BEGIN

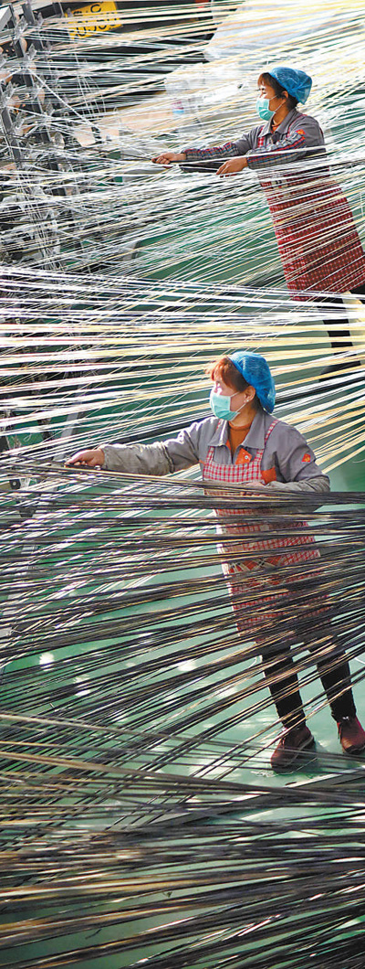 山东淄博市沂源县鲁村镇一塑编企业,工人在生产线上劳作。 赵东山摄(影像中国)
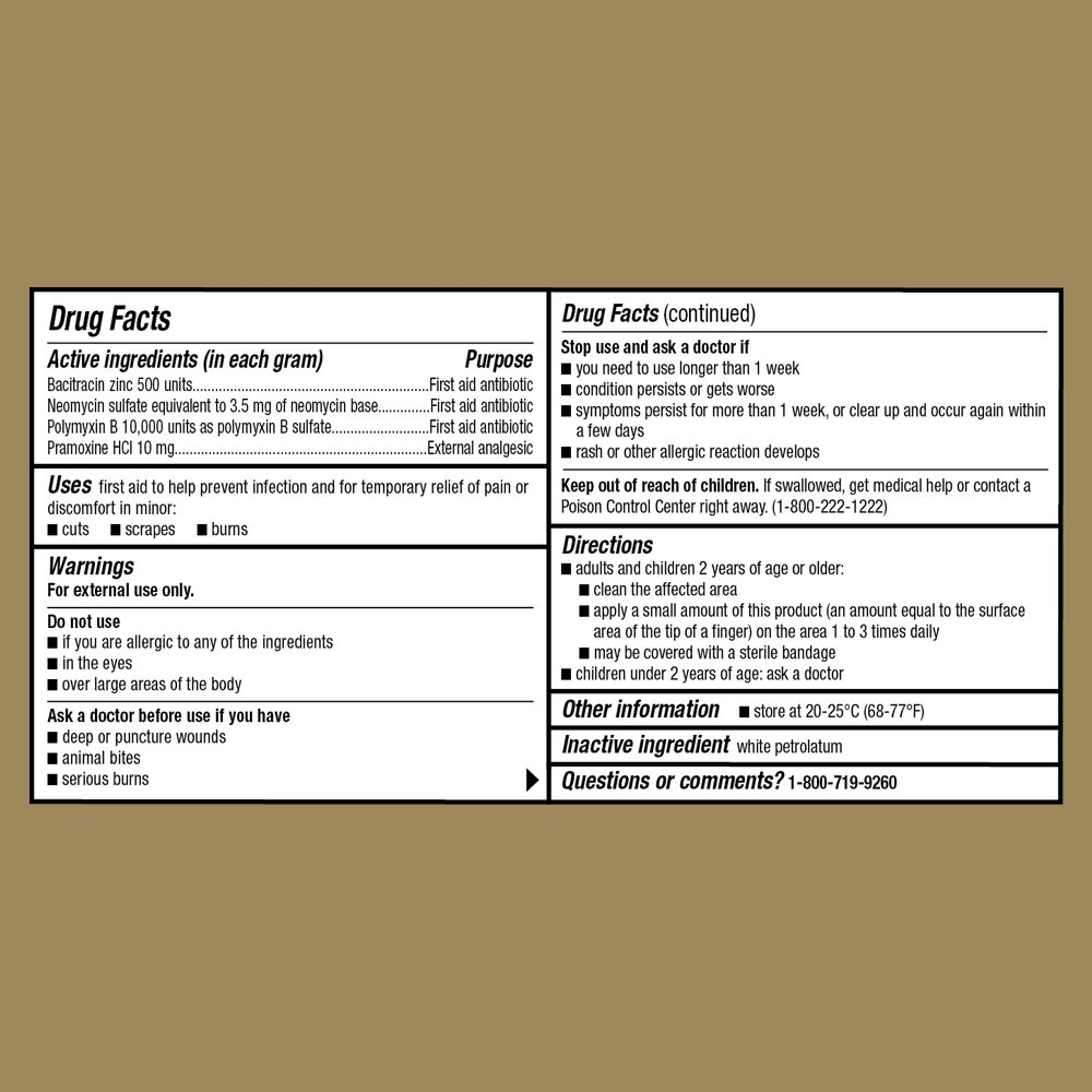 ACTIVE INGREDIENTS: Compare to the active ingredients in Neosporin + Pain Relief OINTMENT CONTAINS: Bacitracin Zinc, Neomycin Sulfate, Polymyxin B Sulfate, Pramoxine HCl DIRECTIONS: adults and children 2 years of age and older: Clean the affected area and apply a small amount (an amount equal to the surface area of the tip of a finger) of GoodSense Triple Antibiotic Ointment on the area 1 to 3 times daily. May be covered with a sterile bandage. Children under 2 years of age: ask a doctor. INJURY: It is a general term that refers to harm caused by accidents, falls, hits, weapons, and more. Injuries can happen at work or play, indoors or outdoors. MAXIMUM STRENGTH: antibiotic ointment that helps prevent infection and relieves pain in minor Cuts, Scrapes and Burns Compare to Neosporin® + Pain Relief active ingredients. First Aid Antibiotic Pain Relieving Ointment active ingredients are bacitracin zinc, first aid antibiotic; neomycin sulfate, first aid antibiotic; polymyxin B sulfate, first aid antibiotic; and pramoxine HCl, external analgesic. Soothes painful cuts, scrapes, and burns. Triple antibiotic infection protection. Helps skin heal to look healthy.
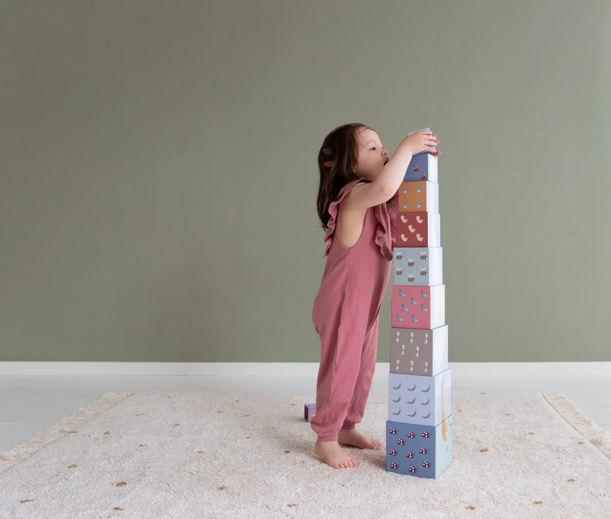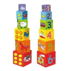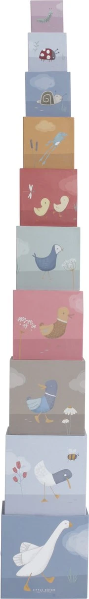 Kinderen leren spelenderwijs tot 10 te tellen met deze blokkentoren. De blokken zijn geïllustreerd met onze herkenbare Gans en al zijn vriendjes die rond de vijver op het platteland wonen.Je kunt de blokken op elkaar zetten en een hoge toren maken of horizontaal op de grond leggen om de verschillende groottes te ontdekken. Vanaf 18 maanden.
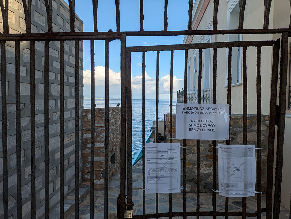 Στη καγκελόπορτα που έχει τοποθετηθεί στο σημείο, θυροκολλήθηκαν αποσπάσματα κτηματογραφικών εγγράφων τα οποία επιβεβαιώνουν ότι ο συγκεκριμένος δρόμος αποτελεί δημοτική οδό και βρίσκεται υπό την κυριότητα του Δήμου Σύρου – Ερμούπολης.
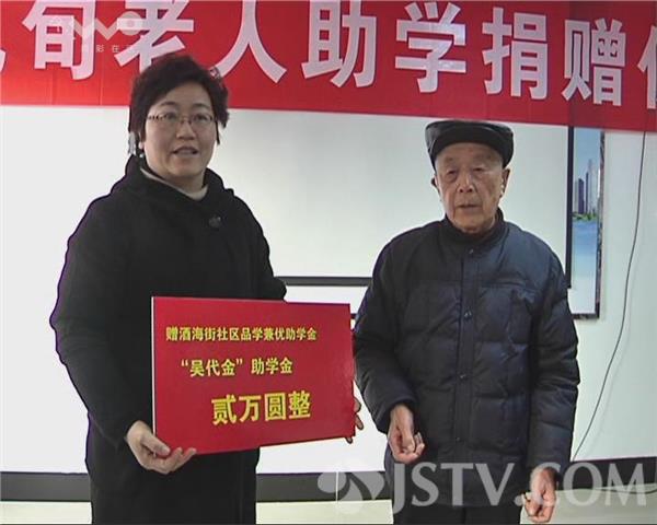 家住镇江京口区酒海街社区的老人吴代金已经年近九旬,最近,家人提出要给老爷子办寿宴庆贺一番,吴老拒绝了,他把办寿宴的两万块钱拿了出来,捐给了社区慈善工作站,用于资助品学兼优需要帮助的学生。 捐助现场,九十岁的吴代金老人看上去依然精神矍铄,他告诉记者,年轻时没上过学,念书不多是他最大的遗憾,这次不办寿宴,资助孩子,也算了圆了自己多年的心愿。 十名由学校推荐、经社区核实符合条件的小学生,在现场拿到了助学金。社区工作人员介绍,京口区慈善总会设有一个专门的慈善账号,各个街道社区设有分账号,吴老捐赠的这笔钱就放在这个账户里,用于资助辖区里的孩子们。 另外,据吴老的家人透露,这已经不是老人第一次献爱心助学了,在退休之前,他就长期以不同的形式资助身边的困难群体,一直坚持了几十年。
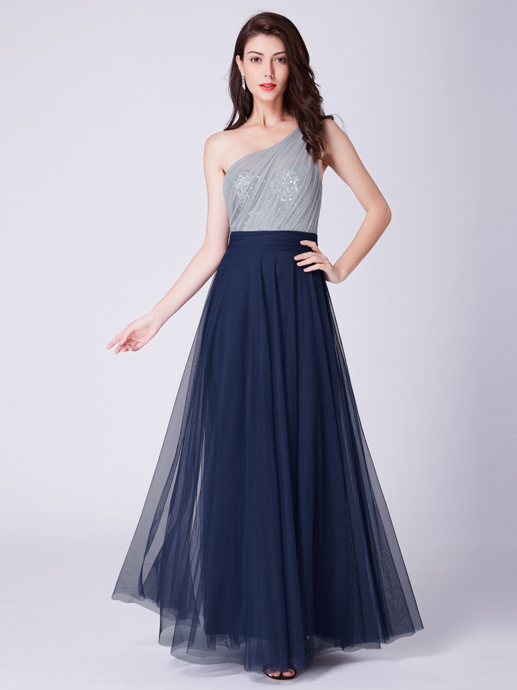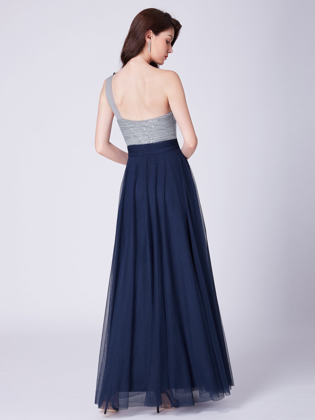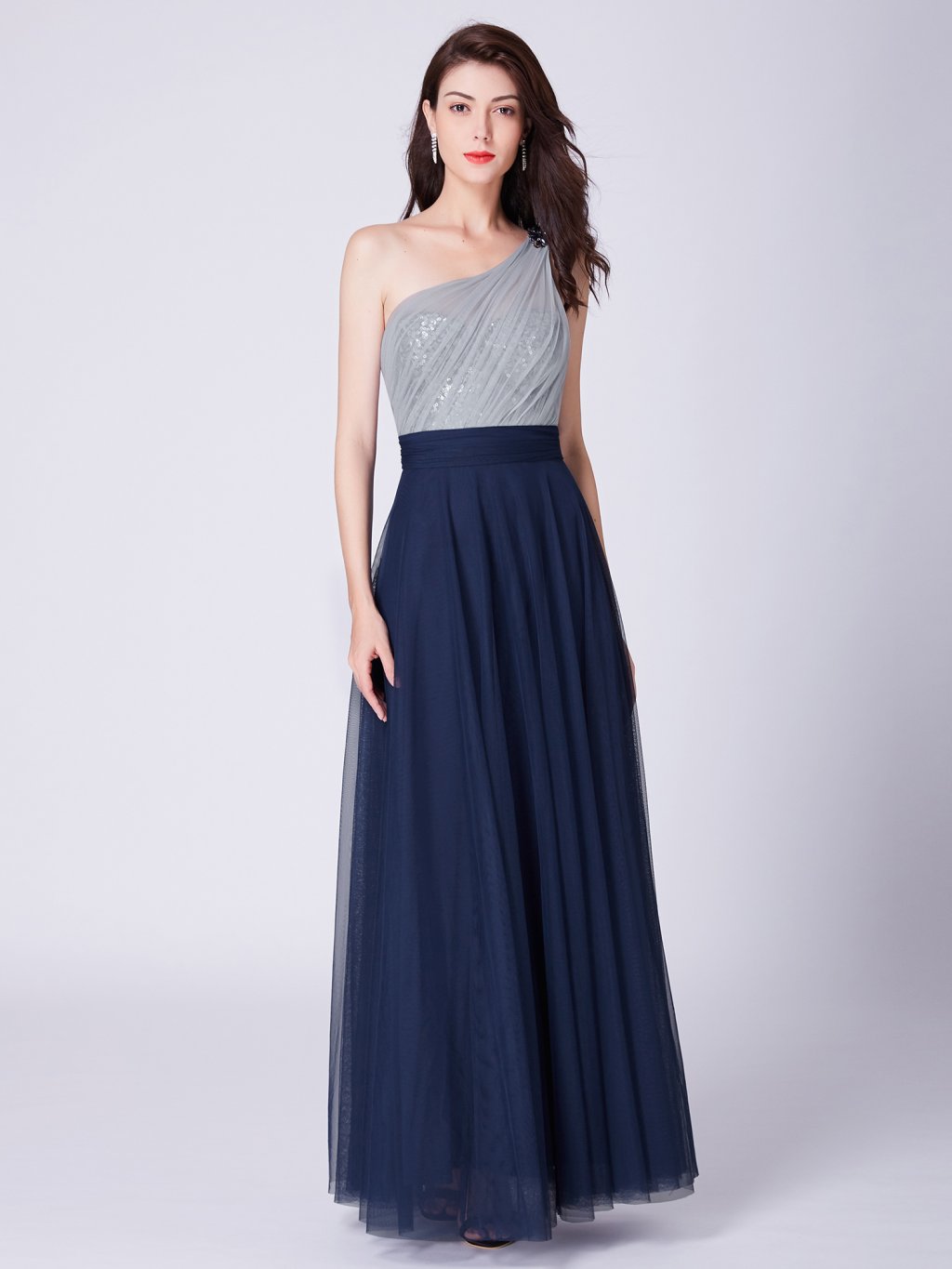 Šaty jsou na jedno ramínko. Mají skrytý zip na zádech. Šaty mají vycpávky, je možné vzít bez podprsenky. Spodní část vrchního dílu je zdobená flitry, vrchní díl je šedá průhledná látka. Na ramínku je zdobená spona. Sukně má modrou barvu. Šaty jsou velmi lehoučké, dělají krásnou postavu.
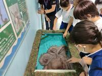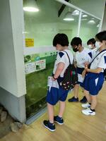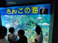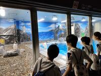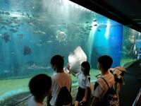 大きなマンボウ、可愛いペンギン、ドクターフィッシュ、ウミガメ、イルカ、カエル、イグアナなどおもしろい動物がたくさん。グループで自由散策しています。
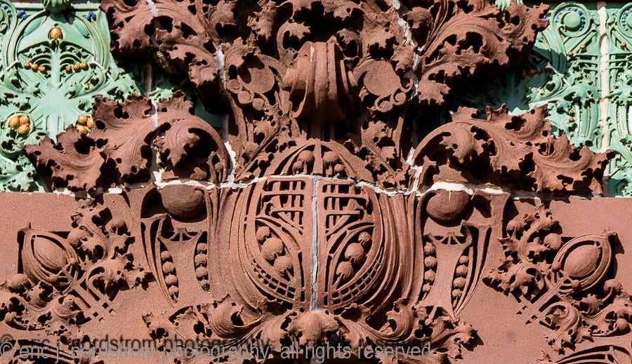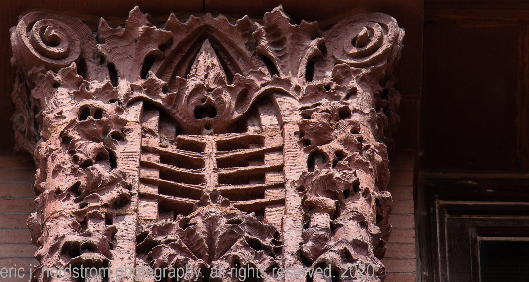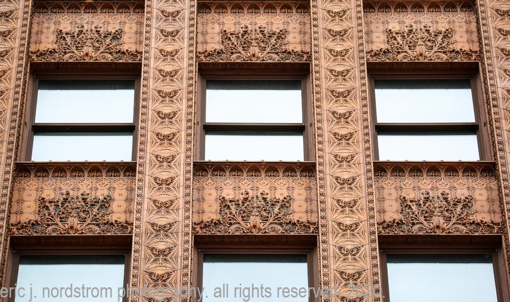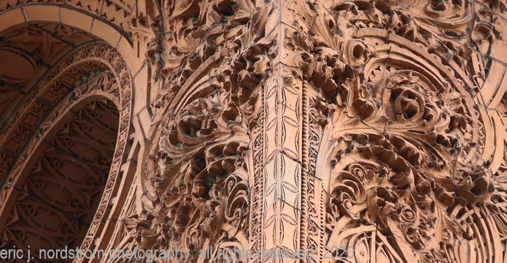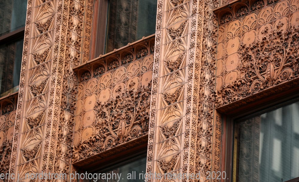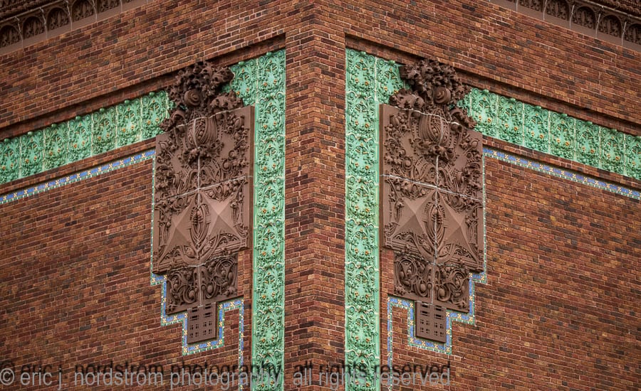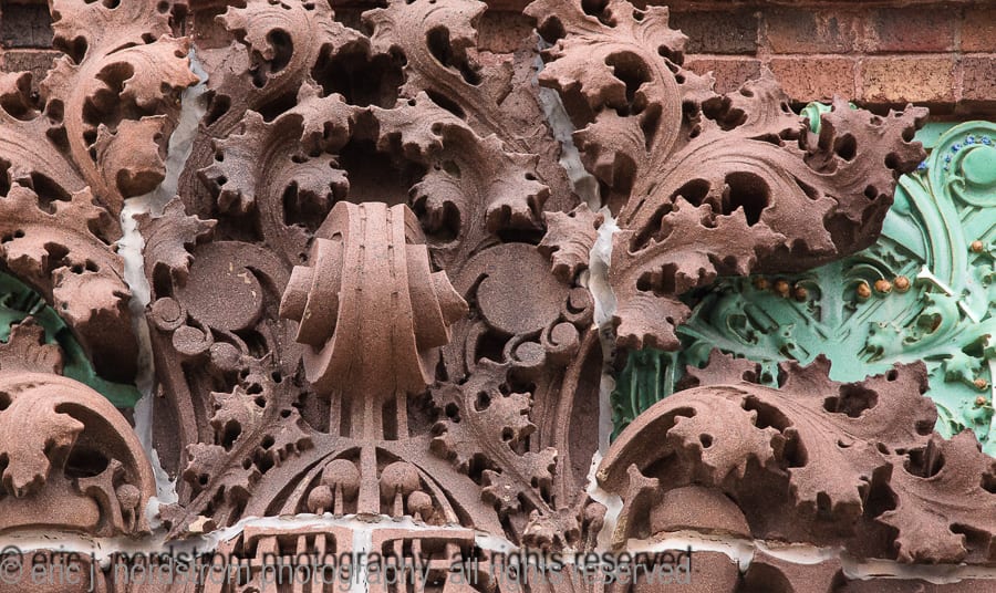 virtual repository of images representing my ongoing project photodocumenting architectural ornament designed by louis h. sullivan on and and all extant building built by the architectural firm of adler and sullivan and/or louis h. sullivan on his own. the majority of the images revolve around the richly colored polychromed ornament he created while practicing alone – towards the end of his career/life, with nearly all of it modeled by frequent collaborator kristian schneider for the american terra cotta company, chicago, ills. new images will be added or included in future posts as i visit or revisit his buildings.
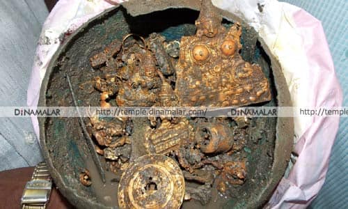 காரைக்கால்: காரைக்கால் திருநள்ளார் பகுதியில் விவசாயி வீட்டு தோட்டத்தில் பழமையான சுவாமி சிலை கண்டுபிடிக்கப்பட்டது காரைக்கால் திருநள் ளார் அகலகண்ணு பகுதியை சேர்ந்த பன்னீர்செல்வம். விவசாயி. இவரது தோட்டத்தில் வீடு கட்டுவதற்காக பள்ளம் தோண்டும் பணி நடந்து வருகிறது. அப்போது, திடீரென பலமான சத்தம் கேட்டுள்ளது. கவனமாக பள்ளம் தோண்டிய போது, 4 கிலோ மதிப்பில் பழக்கால சுவாமி சிலைகள், தகடுகள் மற்றும் ஆபரணங்கள் கண்டு பிடிக்கப்பட்டது. பன்னீர்செல்வம் கொடுத்த தகவலில் பேரில், திருநள்ளார் தாசில்தார் முத்து,வருவாய்த்துறை அதிகாரி தண்டபாணி உள்ளிட்ட அதிகாரிகள் சுவாமி சிலை கிடைந்த இடத்திற்கு விரைந்தனர். கிடைத்த அனைத்து சிலைகளையும், சார்பு ஆட்சியர் கேசவன் முன்னிலையில் ஒப்படைந்தனர். பின்னர் தொல்பொருள் அதிகாரிகளுக்கு தகவல் கொடுக்கப்பட்டது. அவர்கள் ஆய்வுக்கு பின்னரே சிலைகளின் மதிப்பு தெரிய வரும்.
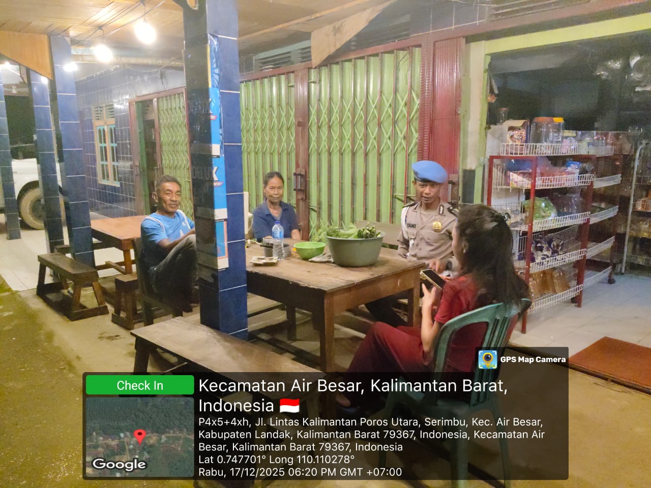 Polsek Air Besar ~ Polres Landak ~ Polda Kalbar ~ Di bawah sinar rembulan yang menerangi malam, suasana Kecamatan Air Besar tampak tenang dan penuh keakraban. Pada Rabu (17/12/2025), jajaran Kepolisian Sektor Air Besar melaksanakan patroli malam sembari menyapa dan berdialog langsung dengan warga yang masih beraktivitas.
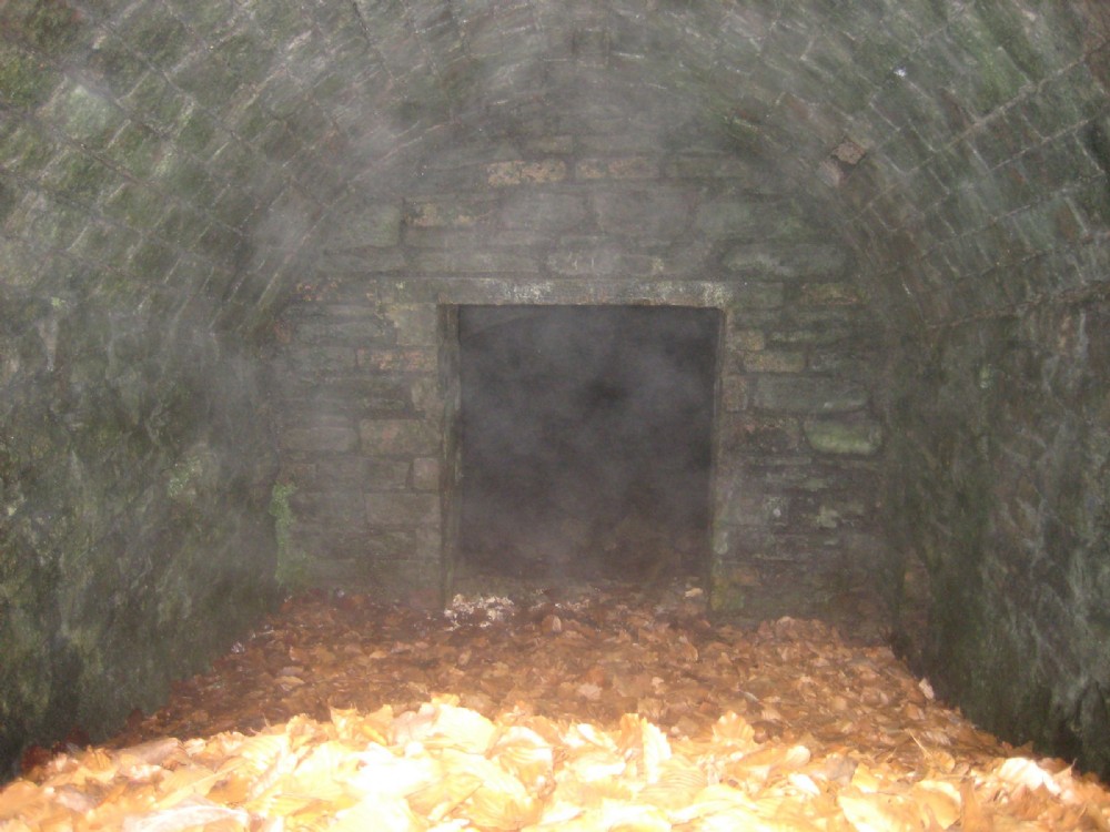 Photo inside the gated entrance, small alcove leading to the level gong into the hillside. 2013.

END

Problem details >>
Instructions for the copy: start at the first entry, stop after the line containing "Kinderen leren spelenderwijs", keep every line exact, and drop the pictures.

Written solution >>
 山东淄博市沂源县鲁村镇一塑编企业,工人在生产线上劳作。 赵东山摄(影像中国)
 ACTIVE INGREDIENTS: Compare to the active ingredients in Neosporin + Pain Relief OINTMENT CONTAINS: Bacitracin Zinc, Neomycin Sulfate, Polymyxin B Sulfate, Pramoxine HCl DIRECTIONS: adults and children 2 years of age and older: Clean the affected area and apply a small amount (an amount equal to the surface area of the tip of a finger) of GoodSense Triple Antibiotic Ointment on the area 1 to 3 times daily. May be covered with a sterile bandage. Children under 2 years of age: ask a doctor. INJURY: It is a general term that refers to harm caused by accidents, falls, hits, weapons, and more. Injuries can happen at work or play, indoors or outdoors. MAXIMUM STRENGTH: antibiotic ointment that helps prevent infection and relieves pain in minor Cuts, Scrapes and Burns Compare to Neosporin® + Pain Relief active ingredients. First Aid Antibiotic Pain Relieving Ointment active ingredients are bacitracin zinc, first aid antibiotic; neomycin sulfate, first aid antibiotic; polymyxin B sulfate, first aid antibiotic; and pramoxine HCl, external analgesic. Soothes painful cuts, scrapes, and burns. Triple antibiotic infection protection. Helps skin heal to look healthy.
 Kinderen leren spelenderwijs tot 10 te tellen met deze blokkentoren. De blokken zijn geïllustreerd met onze herkenbare Gans en al zijn vriendjes die rond de vijver op het platteland wonen.Je kunt de blokken op elkaar zetten en een hoge toren maken of horizontaal op de grond leggen om de verschillende groottes te ontdekken. Vanaf 18 maanden.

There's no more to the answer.